◆ **Your task**: What is needed is an exact copy of the lines from the start of the records below through the line with "Recycled materials were", without the pictures.

==== Material provided

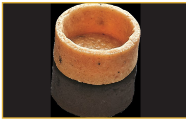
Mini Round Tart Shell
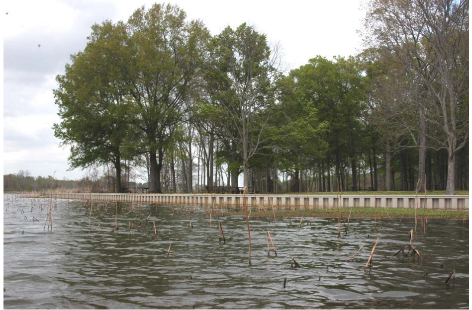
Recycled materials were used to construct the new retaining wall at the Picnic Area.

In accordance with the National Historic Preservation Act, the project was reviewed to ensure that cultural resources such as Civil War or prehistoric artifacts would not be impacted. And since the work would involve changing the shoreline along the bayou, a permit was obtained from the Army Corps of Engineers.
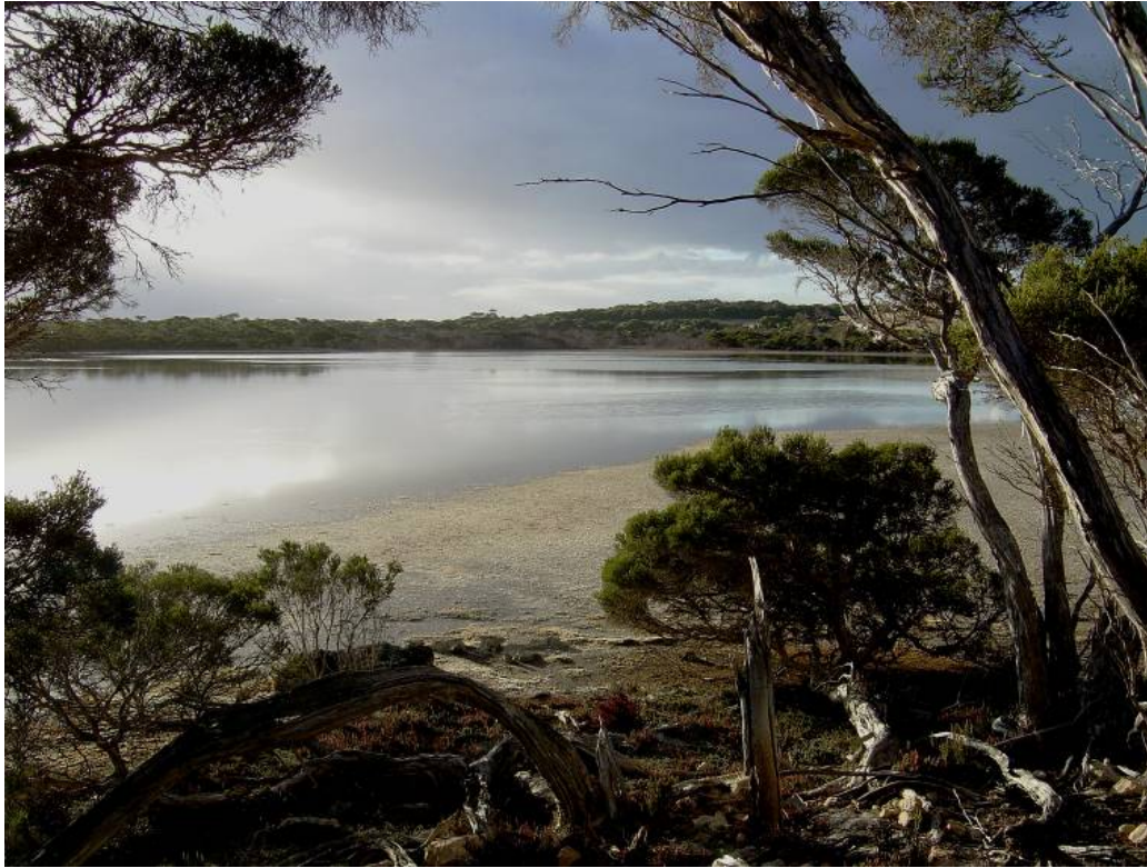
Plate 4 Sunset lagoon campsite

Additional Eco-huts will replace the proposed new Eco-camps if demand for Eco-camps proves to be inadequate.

========

◆ **Answer to this task**:
Mini Round Tart Shell
Recycled materials were used to construct the new retaining wall at the Picnic Area.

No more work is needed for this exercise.